For 8 years, I have occupied the seat in the U.S. Senate once held by one of its most illustrious statesmen - Daniel Webster. He served at a time when the Senate had reached its pinnacle of power and glory - in the days of Clay and Benton and Sam Houston and Jeff Davis and Lewis Cass and many, many others. But of all these, none was considered by Daniel Webster to match the talent of the man he often opposed in debate: John C. Calhoun of South Carolina.

They were both born in the same year, 1782, Calhoun a native of Abbeville County here in the South Carolina uplands. They had both been educated in New England. They had both entered Congress as young men and served almost continuously, until they died within a few years of each other - while the Union they had labored to preserve was still intact. They worked together on foreign relations, fiscal policies, internal improvements, and the development of national transportation and public lands.

Each had served in the House as well as the Senate. Each had served as Secretary of State. They had many disagreements. They were on the opposite sides of many issues. But to his dying day, Daniel Webster considered John C. Calhoun to be "much the ablest man in the Senate" - as a man who "could have demolished Newton, Calvin, or even John Locke as a logician." He admired his powerful mind, his disciplined speeches, and his rugged courage.

And sitting as I do in the seat of Daniel Webster, I have shared his admiration for this great South Carolinian. When I wrote a book on profiles in courage, I cited the courage of Calhoun in refusing to repudiate an unpopular congressional pay raise. When I chaired a committee to select the five outstanding Senators in the Nation's history, the name of John C. Calhoun led all the rest. And I am here in South Carolina today - not to make vague promises or glittering predictions - but to express the hope that, in this election and in the years to come, the people of South Carolina and the people of every State will be guided by the spirit and the courage of John C. Calhoun.

I never know what South Carolina thinks of a measure---

he once told the Senate.

I act to the best of my judgment and according to my conscience. If she approves, well and good. If she does not, and wishes anyone to take my place, I am ready to vacate. We are even.

He demonstrated this as early as 1816, when an astounding wave of protest swept out of office almost every Congressman who had dared to raise his pay from $6 a day to the generous sum of $1,500 a year. Young Congressman Calhoun refused to promise repeal and was reelected anyway. And when other Members scrambled to denounce the measure, Calhoun shamed them all with these words:

This House is at liberty to decide on this question according to the dictates of its best judgment. Are we bound in all cases to do what is popular? Have the people of this country snatched the power of deliberation from this body? [If we act] * * * in opposition to conscience and reason * * * how are political errors, once prevalent, ever to be corrected?
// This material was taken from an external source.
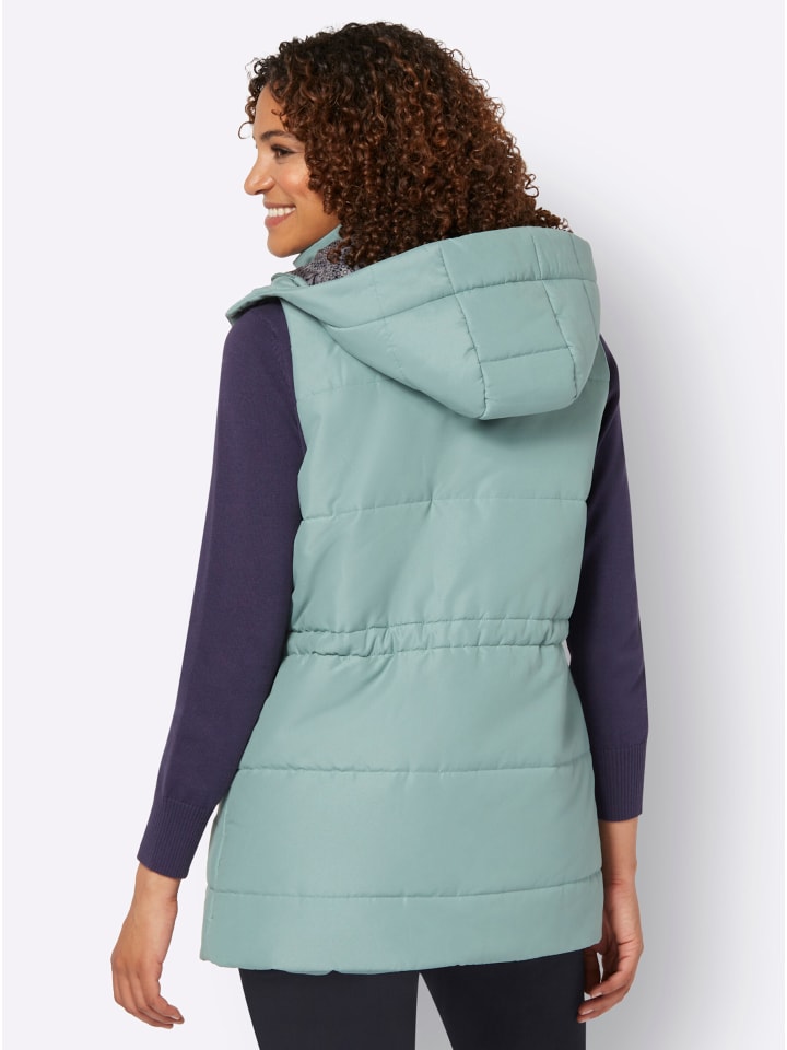 Этот универсальный и элегантный длинный жилет со стеганым узором станет прекрасным дополнением к вашему образу. Съемный капюшон и пояс регулируются с помощью шнурка, завязок и стопоров. Жилет имеет воротник-стойку и молнию по всей длине. Есть два практичных кармана на молнии и один внутренний карман на пуговице. Особенности: - Съемный регулируемый капюшон - Регулировка талии на шнурке - Практичные карманы на молнии - Внутренний карман на пуговице - Элегантный стеганый узор. Материал: 100% полиэстер

That is the spirit of John C. Calhoun, the spirit of our greatest Democratic leaders, from Jefferson and Jackson to Roosevelt and Truman. That is the spirit in which I ask your help today. "Are we bound in all cases to do what is popular?" In the 1960's I do not see how we can. I do not see how, with our very survival at stake, with the cause of freedom endangered around the world, with new problems pressing in upon us both at home and abroad, what we must do as a Nation cannot always be made to coincide with what we would prefer to do as individuals.

The truth may not always be as pleasant as fiction, the right course may not always be the easiest. But if the political errors now prevalent are ever to be corrected, we must act according to the dictates of our best judgment as John Caldwell Calhoun recommended. And we must place in the seats of leadership those who appeal to conscience and reason, not merely to what is popular.
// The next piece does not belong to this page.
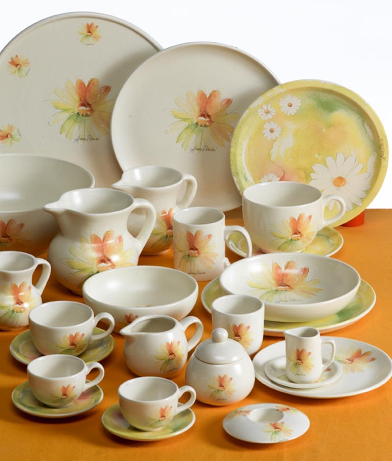 La Collezione è caratterizzata, nel piatto piano da una bella margherita bianca inserita in un sfondo verdino sfumato, mentre nel resto delgli articoli si richiamano i colori del piano nella margherita stilizzata.

My opponent, Mr. Nixon, has taken a different course. For he does not belong to the party of Calhoun. He belongs to the party of Herbert Hoover, promising a chicken in every pot, to the party of Warren Harding, promising that America would go "back to normalcy," to the party of Dewey and Landon and Coolidge and McKinley.

Mr. Nixon is true to the tradition of his party. Popularity, not logic, is his standard. He promises a vast new Federal program for housing. He calls for a vast new Federal program for education. He pledges a vast new Federal program for health. He promises to outdo anything the Democrats can do in agriculture, public works, reclamation, foreign aid, defense, and all the rest. But then he journeys South and says that he is against Federal spending, against Federal bureaucracy, and against the Democratic Party because we are supporting these programs.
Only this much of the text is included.